Got it, let's break down how to plot clean, organized confidence intervals for your 6000 request latency measurements in Python. I'll cover two common use cases—static overall confidence intervals and rolling time-series intervals—with actionable code examples you can adapt directly.


1. Core Setup First

First, we'll need a few standard libraries for data handling, stats calculations, and plotting.
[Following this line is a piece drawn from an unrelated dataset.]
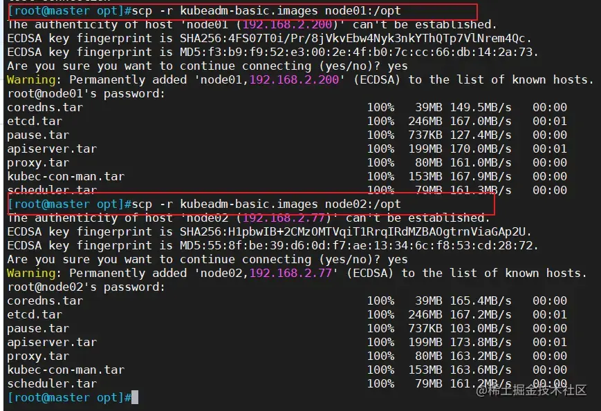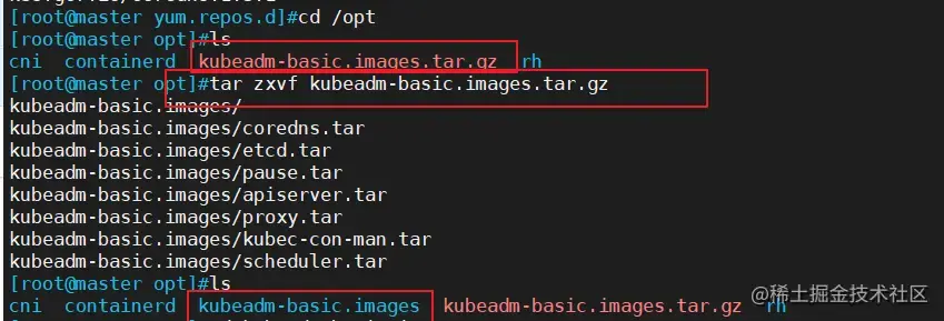 //在 master 节点上传 kubeadm-basic.images.tar.gz 压缩包至 /opt 目录
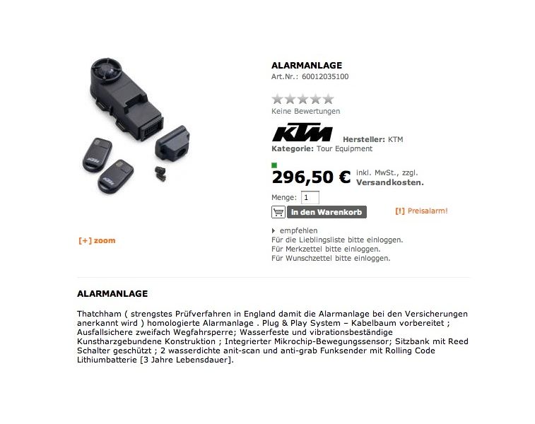 3. Kann ich bei KTM oder wo anders solche stecker kaufen, sodass ich die Alarmanlage ins Heck verpflanzen kann, da der Alarmanlagenstecker ziemlich kurz ist und ich doch lieber eine plug&play lösung hätte! |

Install them if you haven't already, then import:

import numpy as np
import matplotlib.pyplot as plt
from scipy import stats
import seaborn as sns

# Set a clean plotting style to make outputs look polished
sns.set_style("whitegrid")
2. Load Your Data

Replace the simulated data below with your actual 6000-element latency array. I'm mimicking your example's distribution (most values 2-5ms) for demonstration:

# Simulate your latency data (replace this with your real array!)
np.random.seed(42)  # Ensures reproducibility
latency_data = np.random.choice([2,3,4,5], size=6000, p=[0.4, 0.3, 0.2, 0.1])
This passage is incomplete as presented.